Сколько слез стоила эта записка бедной Зое! Сколько раз была написана, переписана, изорвана в клочки и опять написана! Какие, может быть, безумные надежды волновали душу девушки, когда она отдавала ее горничной, во все время, пока ожидала ее возвращения! Сколько предположений, проектов переходило в ее голове, темных, мрачных, убийственных, и иногда — как туча над заливом, на минуту озаренная проскользнувшим сквозь волны ее лучом заходящего солнца, освещенных также мгновенным лучом никогда не умирающей надежды. Другая, более светская, не стала бы писать к князю; менее любящая не стала бы писать такого письма; думаете ли вы, что вместо письма она не хотела послать одну ветку фуксии? Думаете ли, что между изорванными в лоскутки письмами и уже сожженными не было такого, где изливалось бы все сердце ее в словах, которые должны были тронуть князя, возвратить его к прежним чувствам? Думаете ли вы, что она не говорила ему о беспредельной вере своей в его сердце, о надежде, никогда не изменявшей ей, — видеть его и быть счастливою дружбою его, если не любовью? Все это и много другого говорила Зоя; но он помолвлен, помолвлен на Мери; он любит Мери… Зоя ли помешает его счастью и счастью подруги? И однако…

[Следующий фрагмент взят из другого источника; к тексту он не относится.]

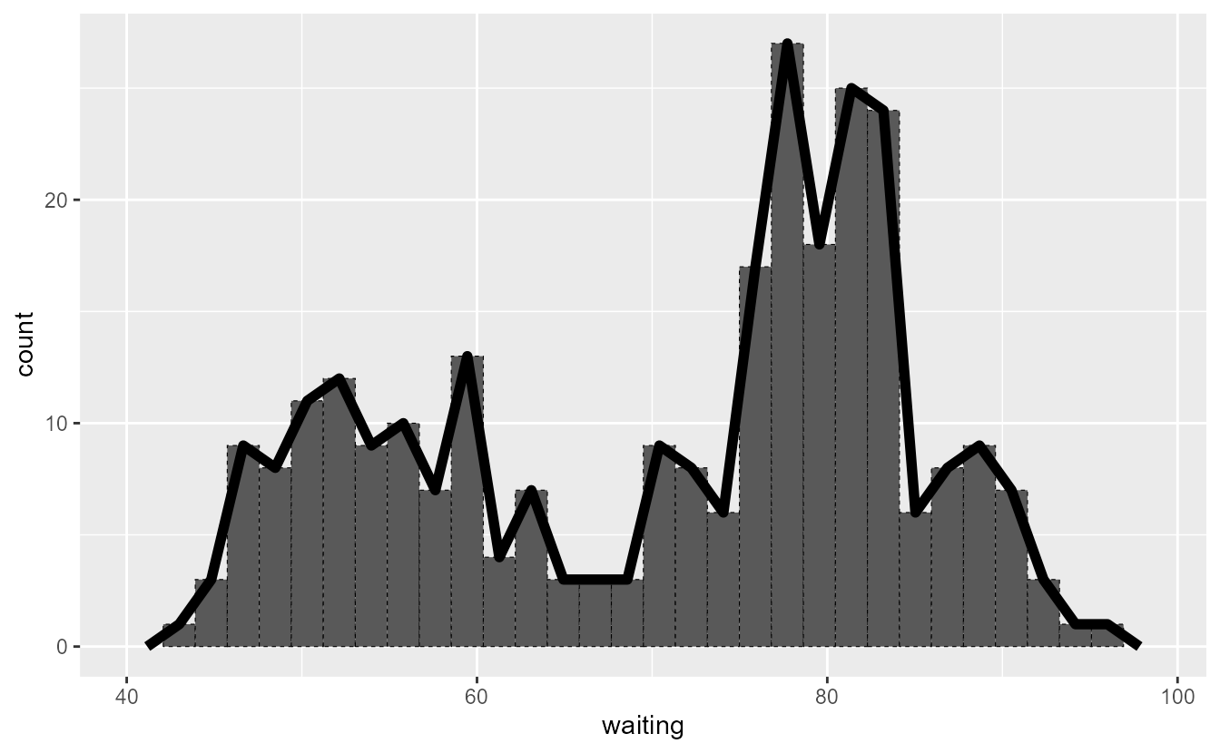 ggplot(faithful, aes(waiting)) +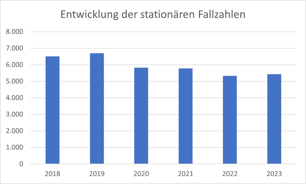 Die stationären Fallzahlen des St.-Marien-Hospitals sind im Berichtszeitraum rückläufig gewesen. Während im Jahr 2018 noch 6.512 Patientinnen und Patienten stationär aufgenommen wurden, betrug die stationäre Fallzahl im Jahr 2023 5.434.

Если б посмотрел кто на Зою, когда, бледная, встревоженная, она скорыми шагами ходит по комнате, подойдет к окну, раздвинет рукою частую сетку листьев гераниума и смотрит в глубину аллеи, не белеется ли там платье горничной, не идет ли она! Нет и все нет. Покойно все вдали; бабочка пролетит, виляя над дорожкою; малиновка перепорхнет на противоположный куст, дитя, вдруг выскочив из чащи, перебежит, чтоб спрятаться на другой стороне в кустах сирени, обманывая товарищей, которые с шумом бегут по дорожке, ища его; и вот наконец она… Зоя отскочила от окна, щеки ее пылают, сердце бьется, она упала на колени перед образом… Владычица! Помоги ей перенести эту минуту, которую против воли с надеждой ждало сердце…
— Не застала дома!..
И день прошел, и ночь наступила. Зоя напрасно ждет. Не придет ли Мери? Не пришлет ли? Никого. Войдет горничная; Зоя с нетерпеливым ожиданием устремит на нее вопрошающий взор: нет ли чего? Горничная почтительно смотрит на барышню и, не спуская глаз с нее, идет к комоду, а лицо покойно и беззаботно, как будто бы весь мир пообедал и сбирается лечь спать.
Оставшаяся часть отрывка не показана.